Vick is either in hot pursuit of, or hot flight from, the tomcat; all her four legs are quivering and kicking in a mimic gallop.

"Do you remember," say I, again speaking, and again prefacing my words by an uneasy laugh, "how the boys at home used always to laugh at me, because I never knew how to flirt, nor had any pretty ways? Do you think"—(speaking slowly and hesitatingly)—"that boys—one's brothers, I mean—would be good judges of that sort of thing?"

"As good as any one else's brothers, I suppose," she says, with a low laugh, but still looking puzzled; "but why do you ask?"

"I do not know," reply I, trying to speak carelessly; "it came into my head."

"Has any one been accusing you?" she says, a little curiously, "But no! who could? You have seen no one, not even—"

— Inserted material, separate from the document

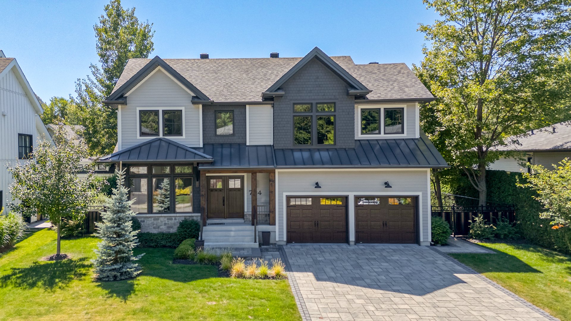 Dès votre arrivée, vous serez charmé par l'entrée en pavé uni et les détails soignés : fenêtres noires intérieures/extérieures, portes avant et de garage de qualité supérieure, ainsi que deux prises prêtes à accueillir des bornes de recharge électrique.

"No, no!" interrupt I, shrinking from the sound of the name that I know is coming; "of course not; no one!"

The clock strikes eleven, and wakes Vick. Barbara rises, rolls up her knitting, and, going over to the fireplace, stands with one white elbow resting on the chimney-piece, and slender neck drooped, pensively gazing at the low fire.

"Do you know," she says, with a half-confused smile, that is also tinged with a little anxiety, "I have been thinking—it is the first time for three months that he has not been here at all, either in the morning, the afternoon, or the evening!"

"Is it?" say I, slightly shivering.

"I think," she says, with a rather embarrassed laugh, "that he must have heard you were out, and that that was why he did not come. You know I always tell you that he likes you best."